[cmake-developers] Branches on next

Ben Boeckel ben.boeckel at kitware.com
Tue Feb 11 23:03:50 EST 2014


On Tue, Feb 11, 2014 at 19:16:49 -0500, Matthew Woehlke wrote:
> On 2014-02-11 17:54, Ben Boeckel wrote:
> >Parsing in CMake is split into separate sections: the part which parses
> >the lines into CMake's command calls and the part which expands
> >variables (which is why "${cmd}(${args})" isn't allowed).
> 
> Right; I'd figured that much out on my own, and my own parser AFAICT
> operates in a similar manner to CMake itself... it doesn't try to
> tokenize variable substitutions (I didn't need that, and it would
> have made the API non-trivially more complex), although it does choke
> if it seems things like '${foo\n'. From what I can tell, the CMake
> command parsing pass does also?

Probably worth a test. The new parser will see:

    ${foo
    }

and happily lookup the "foo\n" variable. The old parser may have choked.
FWIW, variables named as such can still come in through CMakeCache.txt
and probably the command line as well, so maybe there's some value here.
If it's wanted, I can tighten up the new implementation (it's also the
perfect release version to start rejecting junk like ';' or ' ' in
variable names, but it is probably too late in the release cycle at this
point).

> >ExpandVariablesInString is the part which takes a string which may have
> >variables in it and dereferences them.
> 
> Yes, that's why your changes are probably not all that helpful to
> understanding CMake's parsing... one must first understand the
> initial parse pass, which I assume is still in lex (unless you
> rewrote it too and forgot to mention it ;-), which I doubt).

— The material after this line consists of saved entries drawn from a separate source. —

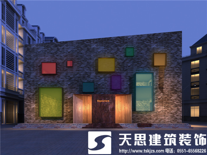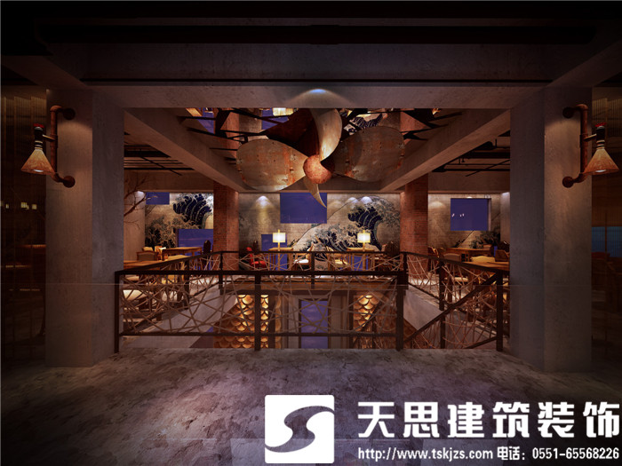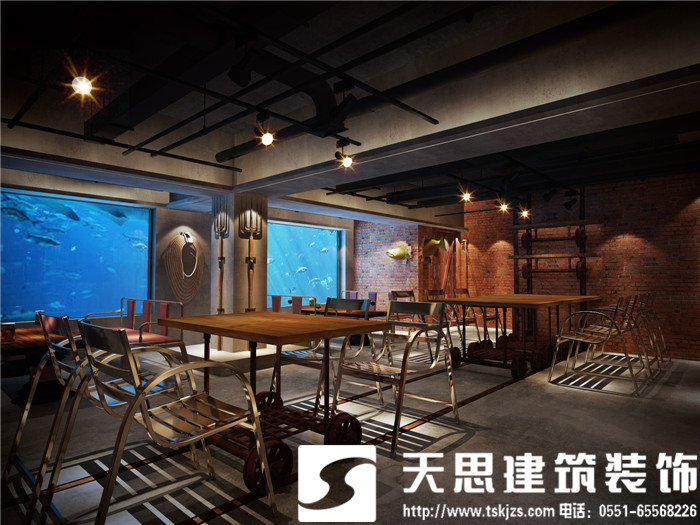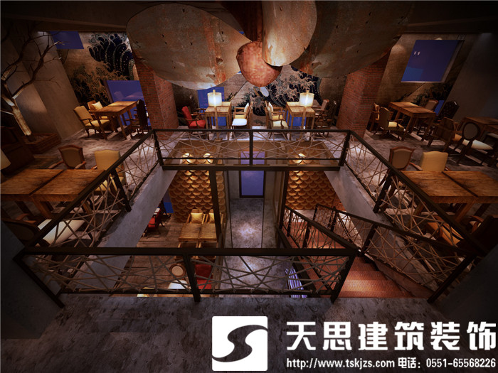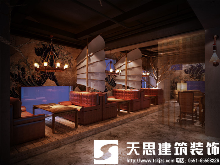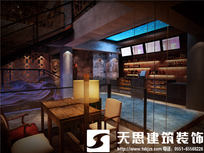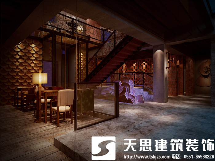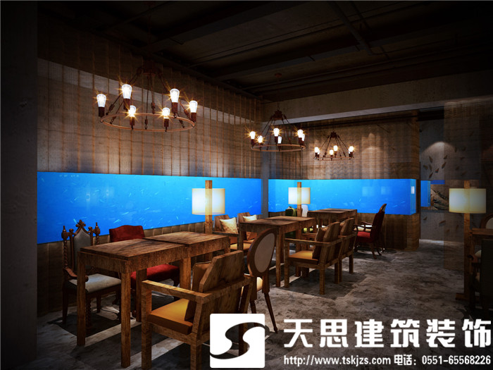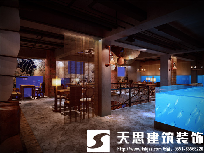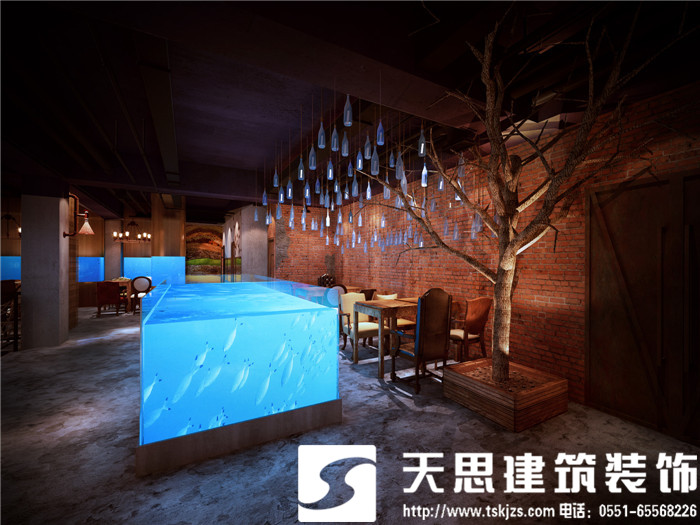 設計師讓空間呈現對話關系,彼此呼應。二層的長方形水族魚箱,在一樓即為吧臺頂層的雅致裝飾,自然傾瀉的燈光給吧臺區足夠的光源,簡約環保的理念貫穿在空間設計里。節次鱗比的魚鱗造型墻飾,富有藝術感,特用原木制作,將韻味進一步升華。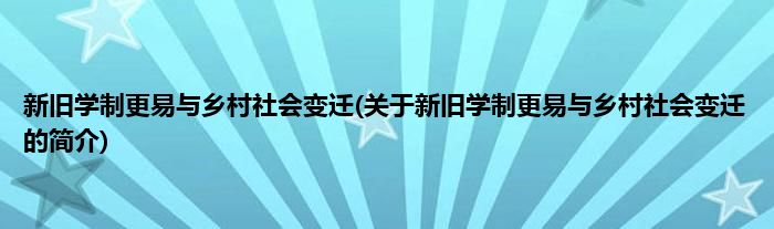 本文关于新旧学制更易与乡村社会变迁的简介就讲解完毕,希望对大家有所帮助。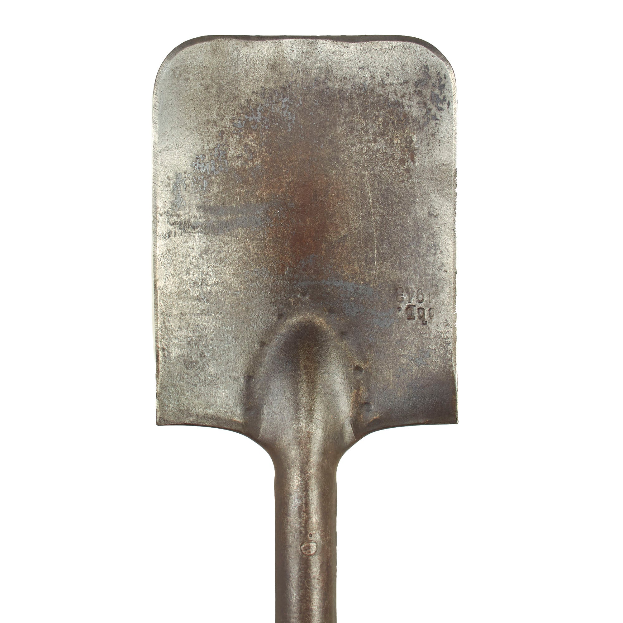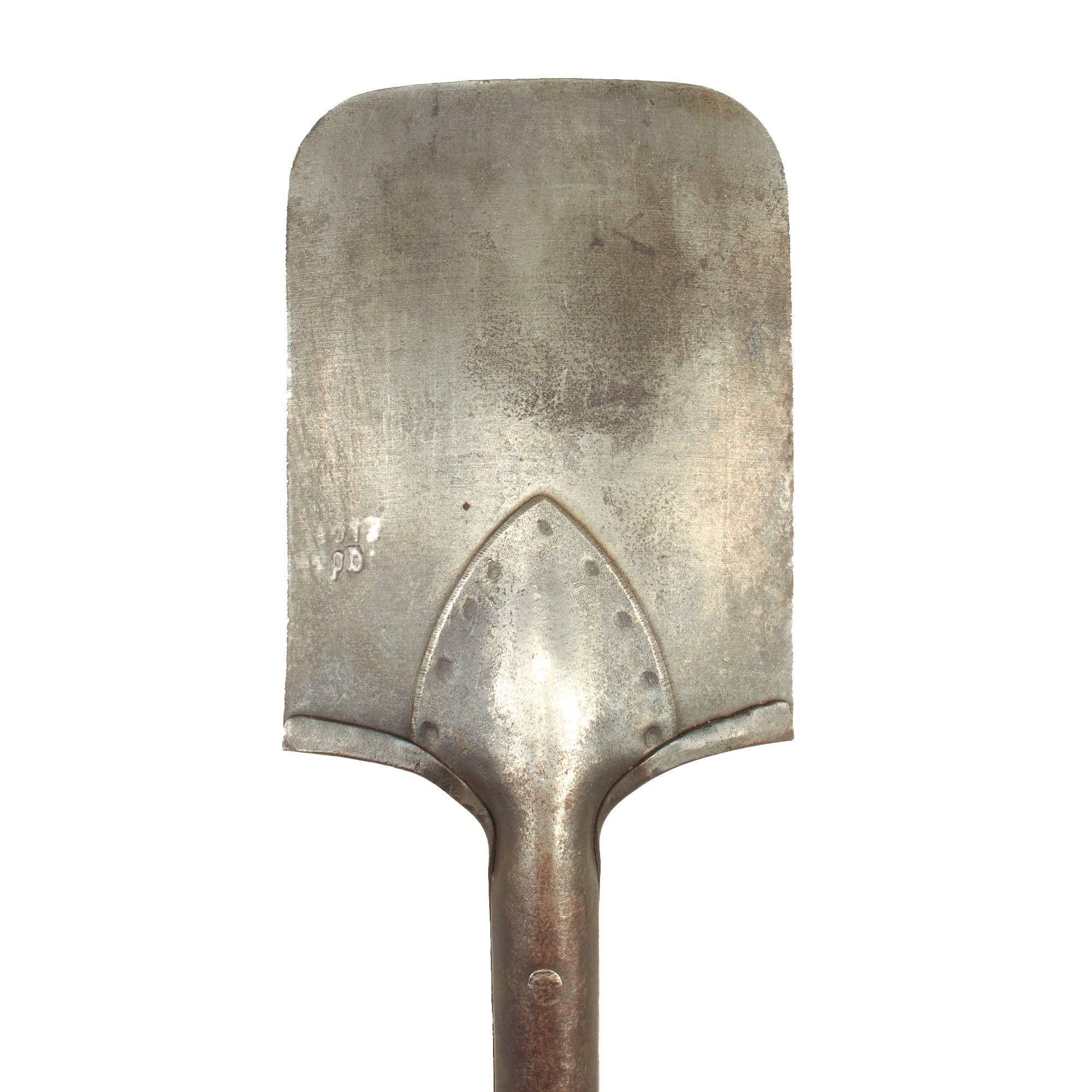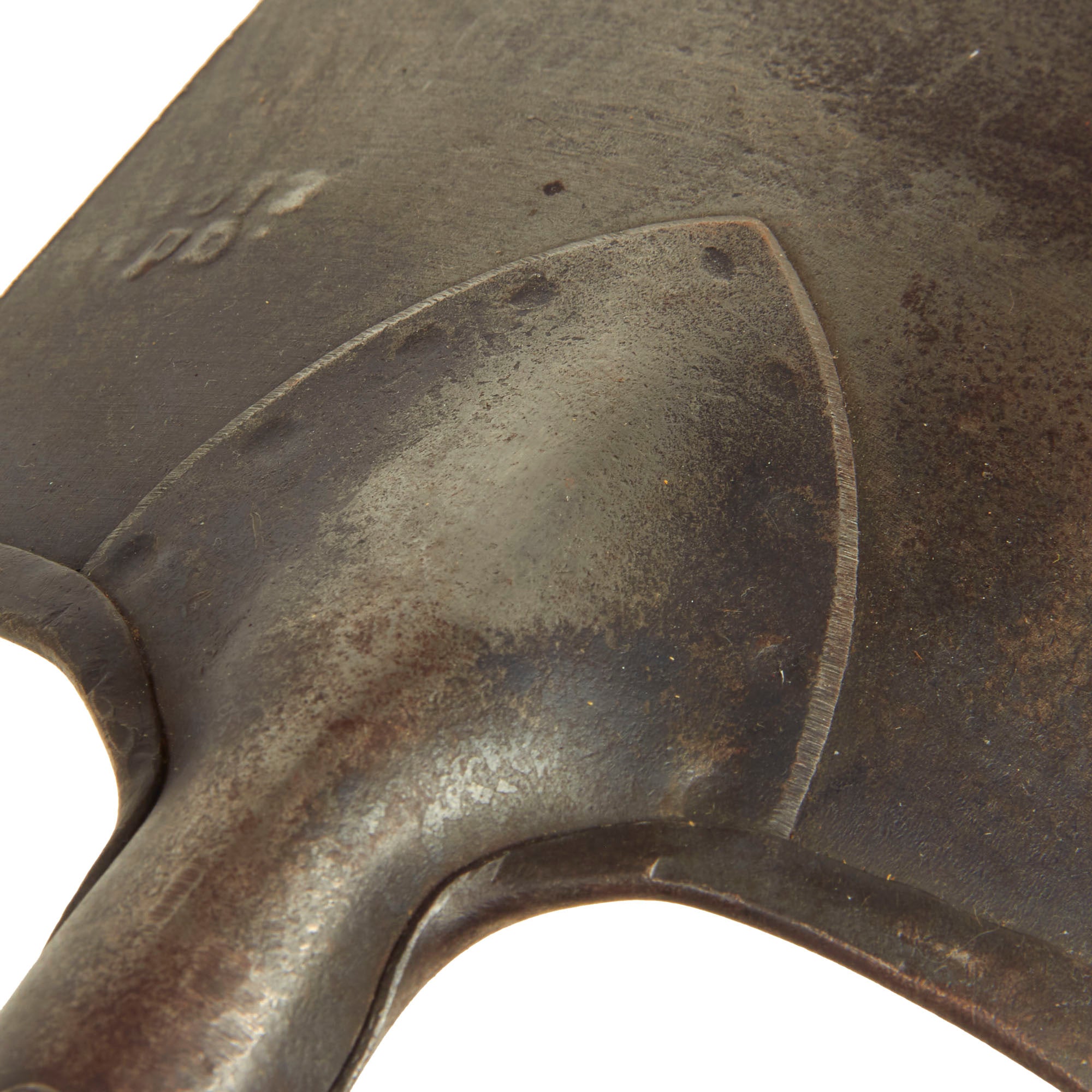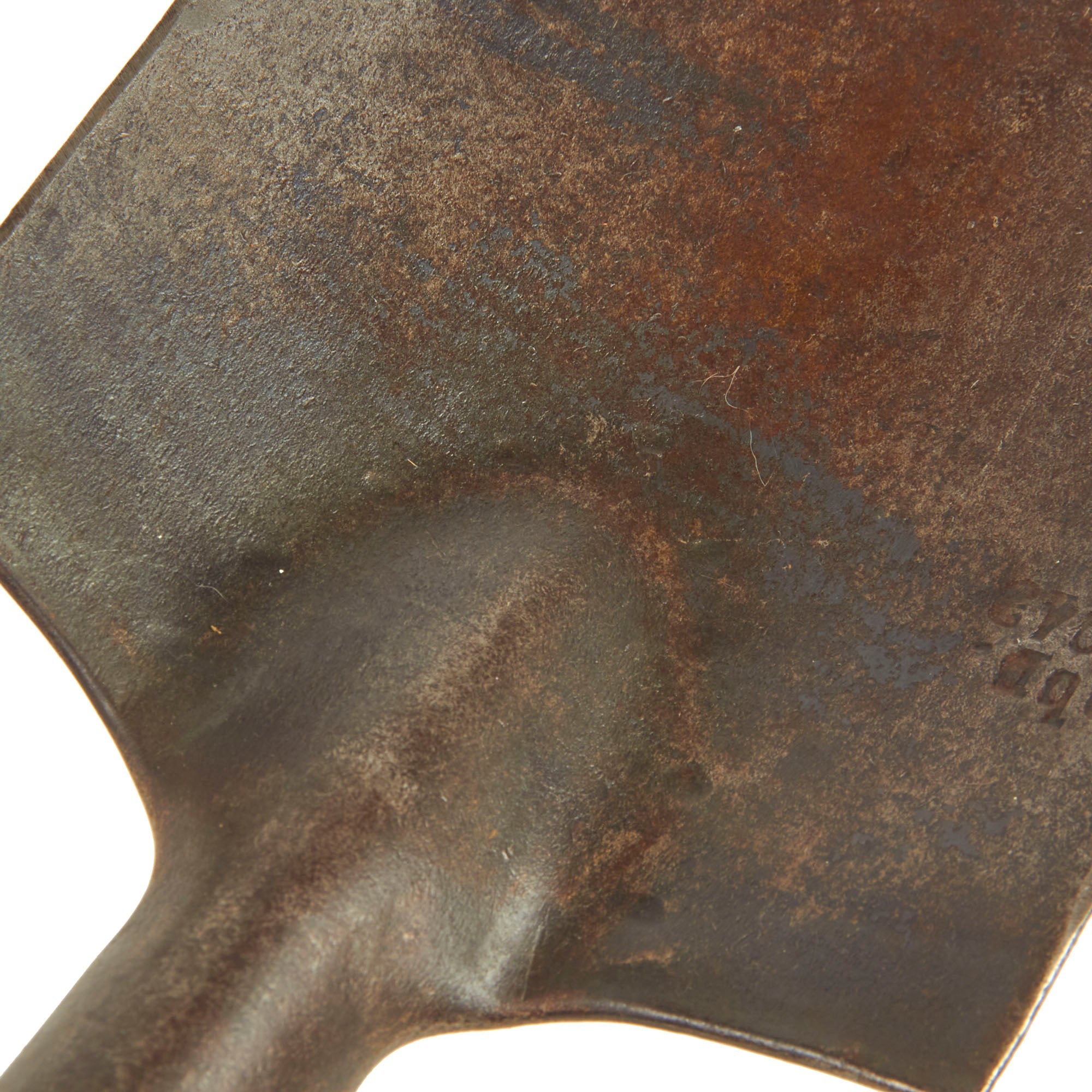The entrenching tool consists of a roughly, 13” long turned hardwood handle with an enlarged ball head for ease of handling and a roughly, 7” x 5 ¾” slightly curved, tooled steel construction shovel head. The handle is secured to the shovel head by dual extended steel sleeves with two flush, flat head retaining rivets. The obverse extended sleeve is integral to the shovel head while the reverse sleeve is a separate triangular plate that is secured to the shovel head. Nicely maker marked obp with a 1943 date, for maker Carl Krampe Wwe, in Rummenohl, Westfalen.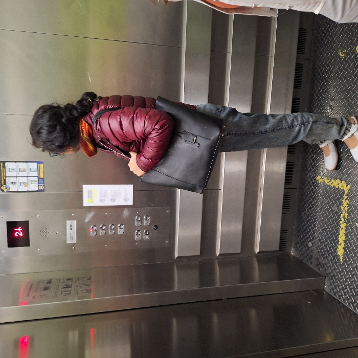Inside an elevator, a woman presses the button panel, which displays the number 2. She wears glasses, a red puffer jacket, and jeans. She carries a large black tote bag on her shoulder. The elevator walls and floor are stainless steel, with a textured pattern on the floor. Next to the elevator is a staircase. Another person is standing on the stairs.

That code isn't even on the radar for expensive code. It probably could
be replaced with smaller code other than lex/yacc, but it's not worth
the time if performance is the goal (removing lines, however…). Anything
other than comments and blank lines is always in the form:

    <command> "(" <argstring> ")" <newline>

which is pretty fast (the parser is also set up once per file; the EVIS
lex/yacc parser was set up and torn down for *each* expansion which is
generally per-line which contains any of "@$\\").

> >Corner cases I hit while developing the new parser:
> >
> >   - in "\@var@", 'var' is expanded;
> 
> Is '@var@' actually expanded in plain CMake script? (OMG... it is...)
> 
> I wonder how many people are even aware of this. At any rate, at
> least kate doesn't highlight it. (vim doesn't either, but vim also
> doesn't highlight '${var}', so no surprise it doesn't.)
> 
> Alas, my parser does not accept these at present.

It was news to me as well. In any case, it's only expanded if 'var' is
defined (and it must occur all on one line). For the
configure_file(@ONLY) command, it will expand @var@ to empty strings
however. It's a backwards compat thing; see bug 2722.

> >  - '\;' is always literal (don't ask why, but if you don't keep the
> >    slash around, things fail);
> 
> Oh, ick... right now I'm not handling ';' as special but as literal
> text of an argument. If anyone is using that instead of whitespace as
> an argument specifier, then too bad :-). (For now at least, since
> fixing it will require some odd fiddling with the API. Or possibly
> declaring that ';' now counts as whitespace :P.)
> 
> AFAICT, \; is only an escape when it *isn't* quoted. In quotes it's
> just two normal characters. (This appears to be the only escape that
> behaves differently quoted versus not.)

Yeah, I think if the string is quoted, the 'noEscapes' is false which is
where it acts…weird. I think it has to do with nested lists breaking if
the semicolon disappears or something (ExpandListArguments deals with
escaped semicolons and nothing else).